Breastfeeding and HIV

If you are HIV-positive, consider safe feeding options for your baby

The human immunodeficiency virus (HIV) can be transmitted to your baby during childbirth and breastfeeding. Initially, the World Health Organisation (WHO) did not advocate breastfeeding for HIV positive mothers if they were able to afford and store formula safety.


However, about 10 years ago, the WHO released new recommendations and HIV-positive mothers are now encouraged to breastfeed, provided they follow some important guidelines.

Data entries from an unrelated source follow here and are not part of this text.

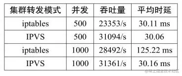 表4-2 iptables和IPVS的吞吐率与平均时延对比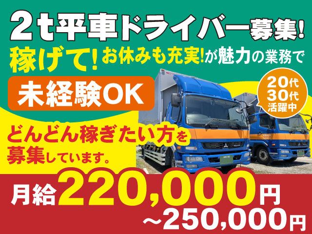 2t平車ドライバー/近県チャーター便 未経験でも月給22万円以上 完全週休2日/朝5時~14時の勤務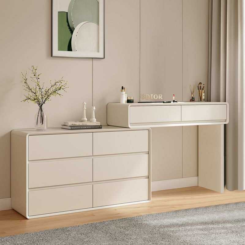 Fls小户型实木梳妆台卧室现代简约2024新款奶油风主卧斗柜一体化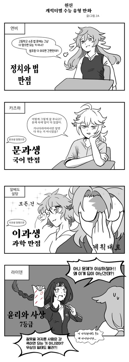 수능 원신 캐릭터별 유형 만화 2 #원신

Breast milk is nature’s perfect food for your newborn and will meet all the nutritional requirements he or she needs. Breastfeeding reduces the risk for gastroenteritis and is free of charge. Breast milk also contains your antibodies, which are passed to your baby during

breastfeeding. This can help to boost his or her immune system.

You have a right to decide what is best for you and your baby. If you decide to formula feed your baby, that is your choice. If you decide to breastfeed, here are guidelines to follow to prevent the transmission of HIV to your baby.

1. Take ARVs

Continue with your antiretroviral therapy (ART), which is a combination of antiretroviral (ARV) drugs. Follow your doctor’s advice on how to take your medication. The use of ARVs reduces the risk for transmission of the virus to your baby. Your newborn may be prescribed liquid ARVs to take for six weeks after birth.

2. Breastfeed Exclusively

This means that baby must only receive breast milk. Moms are also encouraged to demand feed, where baby is given the breast when he or she cries or when mom notices the baby’s  hunger cues. If baby is hungry, he may turn his head to the side and/or try to suck his hands. A short, low-pitched cry or restless, fussy behaviour is a late hunger cue.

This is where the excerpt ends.